Serra: Para não falar no Quércia (Orestes Quércia, ex-governador de São Paulo). Mas, e hoje tem quem? Não tem. De toda maneira, aquele plebiscito obedeceu a uma determinação da Constituição, que deu o prazo de cinco anos para definir o regime de governo. O parlamentarismo não representa o fortalecimento político do Congresso. Na verdade, representa maior responsabilidade para o Congresso. Porque o Congresso tem hoje o poder para destituir um presidente. Ele não tem é responsabilidade de fazer o governo funcionar. Essa é a essência do argumento.
Valor: O senhor tem sentido receptividade à proposta?
Serra: Tenho sentido uma certa simpatia sim.

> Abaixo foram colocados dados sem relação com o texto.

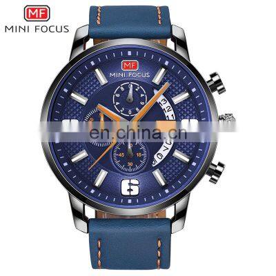 MINI FOCUS MF0025G Men Quartz watches Luxury Brand Army Military Sports Analog Watches Casual LeatheBand Product Description1. Specifications: ModelMINI FOCUS MF0025G Wrist WatchMeterial / SizeMovement:Japan Quartz Movt.Case Material:AlloyBand Material:Leather Diameter:48mmBand Width:22mmBand Length:25cmCase Thickness:13mmWeight: 70gPackage 1pcs/opp bag, Original box needs extra costMOQ 1Pcs Packaging & Shipping Company InformationShenzhen South America Watch Co., Ltd is a top professional watch manufacturer in SHENZHEN CHINA.In factory there are 100 watch skilled workers, 20 QC, 2 designers, 10 sales, 2 purchasers,and few administrators. Mainly product is watch,such as quartz watch, automatic watch, men's watch, lady watch made from stainless steel or alloy. the requires depend on you. Our NIBOSI branded is registered in Swiss, US and China. And our own brand NIBOSI watches for wholesale annual. Very good competitive price. Delivered Duty Paid drop shipping service. FAQQ: What's youMOQ? Can I mix styles and colors?A: MOQ is 1pcs, can mix styles and colors, delivery day is within 3 days. Q: What's youpacking?A: Ouusual packing fowatch is OPP bag, we also supply you watch box based on yourequirements. Q: Can we print ouown logo? Is there any extra cost?A: Yes, we can make youlogo and design, usually if the coloof the logo is one coloon the dial face, we can print it free foyou. Focomplex logos, there will be extra cost. Q: Which shipping method usually use?A: Usually ship via express shipping, such as DHL, FEDEX, UPS, TNT etc. We also support E-packet. Q: Do you offedropshipping service?A: Yes we offefree dropshipping service, welcome to cooperate with us.

Não sou eu apenas que defendo isso. Há vários senadores do PSDB, como Tasso Jereissati (CE), e de outros partidos.
Valor: O PSDB vai integrar a base do governo?
Serra: O PSDB é e continuará a ser oposição. Mas isso não significa que jogamos no quanto pior melhor. Aliás, não sabemos fazer isso. Isso não significa ser partido de governo. Vamos continuar sendo oposição. Firmes.